Monday, 17 August 2020

Mubi Monday: Swimming Pool (2003)

Written and directed by François Ozon, working with writer Emmanuèle Bernheim and translator Sionann O'Neill, Swimming Pool is a sun-soaked psychosexual drama that turns into more of a standard thriller in the third act, anchored by two fantastic lead performances.

Charlotte Rampling is Sarah Morton, a writer who is given the use of her publisher's vacation home in Southern France. She writes detective thrillers, usually, and needs complete peace and quiet for her working process. It turns out, however, that her publisher (who is played by Charles Dance) has forgotten that his daughter (Julie, played by Ludivine Sagnier) is also due to spend some time at the house. Things soon become tense as Sarah and Julie clash, the former trying to get into the right headspace for her writing while the latter keeps herself busy with a series of one-night stands.

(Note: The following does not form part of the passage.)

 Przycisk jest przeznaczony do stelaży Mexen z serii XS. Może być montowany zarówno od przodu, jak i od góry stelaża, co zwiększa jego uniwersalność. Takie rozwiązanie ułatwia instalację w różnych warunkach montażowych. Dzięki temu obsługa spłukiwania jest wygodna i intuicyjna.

Moving between English and French, Swimming Pool is a fascinating character study of two people who are very comfortable in the personas that they choose to reveal to one another, yet completely out of their comfort zone when needing some real support. Both also have an arrogance about them, but for different reasons. Rampling has her assumed position of superiority simply by being older, and a polite Brit, while Sagnier has youth and a lack of care for any consequences, for most of the runtime anyway.

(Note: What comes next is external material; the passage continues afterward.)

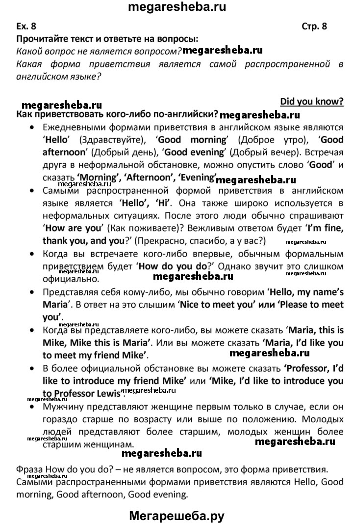 ГДЗ по английскому языку 6 класс Вербицкая Форвард часть 1. страница - 8

Rampling is excellent in the role of Sarah, as is Sagnier with her embodiment of Julie. Both leads skirt perilously close to their characters being completely unsympathetic, yet they manage to keep you watching as things develop between them into what could be a friendship, if no other agendas cause it to become unbalanced. Jean-Marie Lamour is Franck, a man who ends up inadvertently caught between the two women for an evening, and he also does a great job. Dance is only really in the movie for the start and end, bookending things with moments that show a big difference in the dynamic between himself and Rampling's character.

Although it takes a while to find its feet, Swimming Pool turns into something riveting and thought-provoking, especially when you get to a final scene that leaves things enjoyably ambiguous. It's about tapping in to your innermost desires and impulses as you try to access your creative side, it's about allowing yourself the freedom to just enjoy the company of others (good conversation, some dancing, a healthy helping of sex). It's even about just becoming someone else for the duration of your holiday in a foreign country, letting the mix of hot sunshine and cool water help you to view yourself as someone a bit steamier than usual.

Fans of Ozon will know that so many of his movies revolve around the idea of identity, what people can discover about others, what they can discover about themselves, and Swimming Pool is in line with his preferred thematic exploration. There may be a number of characters here, but it's all about Sarah discovering some other parts of Sarah.